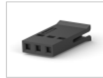
003 HOUSING FFC RCPT 100CL SR
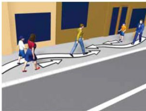
Слика 87. Кретање пјешака тротоаром

Тротоар је посебно уређена саобраћајна површина намијењена за кретање пјешака, која није у истом нивоу с коловозом пута, или је од коловоза одвојена на други начин (слика 87).
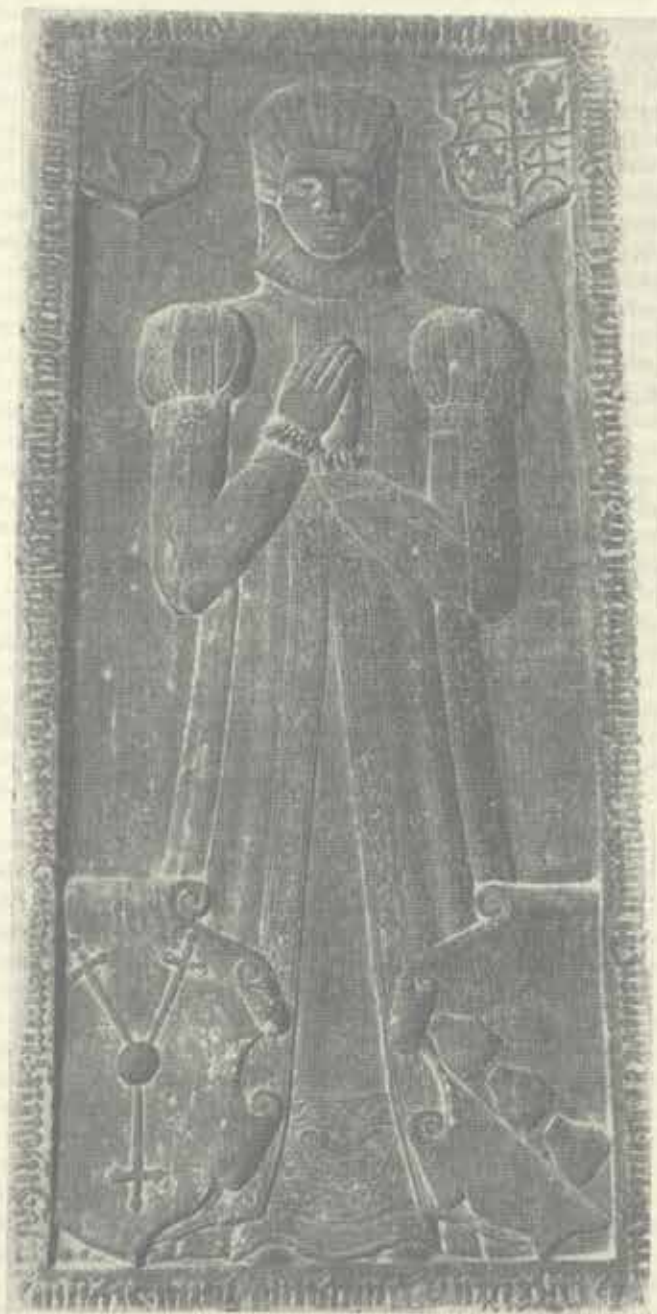
Náhrobní deska Johanky z Limberka Foto Miloš Lossmann 1979
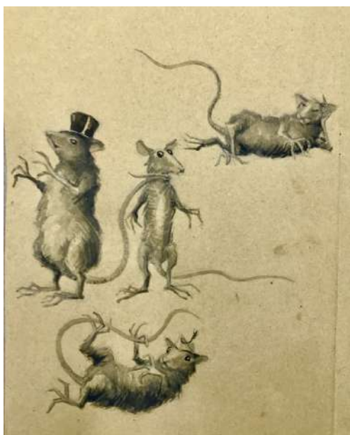
Las cuatro ratas. (Chema Lumbreras).
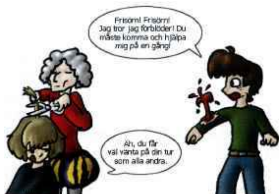
Teckning: Anna Östmark

Den sjunde mars 1894 bildades Frisörföreningen och arbetstiden för en frisöranställd var 68 timmar i veckan. Under stumfilmens tid på 20-talet började kvinnorna bli mer frigjorda och sökte sig ut i arbetslivet, ofta med kortklippt och ondulerat hår. Efter
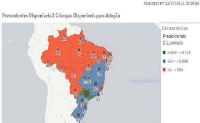
Figura 1 - Camada de área pretendente disponível
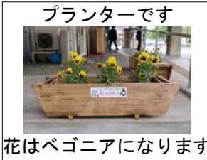
プランターです 花はベゴニアになります

花主は、実行委員会から木製プランターの提供を受け、振興センターなどに設置し、管理します。

*Task instructions*.
Exactly as written, print each entry, leaving all pictures out.

*Solution to this task*.
003 HOUSING FFC RCPT 100CL SR
Слика 87. Кретање пјешака тротоаром

Тротоар је посебно уређена саобраћајна површина намијењена за кретање пјешака, која није у истом нивоу с коловозом пута, или је од коловоза одвојена на други начин (слика 87).
Náhrobní deska Johanky z Limberka Foto Miloš Lossmann 1979
Las cuatro ratas. (Chema Lumbreras).
Teckning: Anna Östmark

Den sjunde mars 1894 bildades Frisörföreningen och arbetstiden för en frisöranställd var 68 timmar i veckan. Under stumfilmens tid på 20-talet började kvinnorna bli mer frigjorda och sökte sig ut i arbetslivet, ofta med kortklippt och ondulerat hår. Efter
Figura 1 - Camada de área pretendente disponível
プランターです 花はベゴニアになります

花主は、実行委員会から木製プランターの提供を受け、振興センターなどに設置し、管理します。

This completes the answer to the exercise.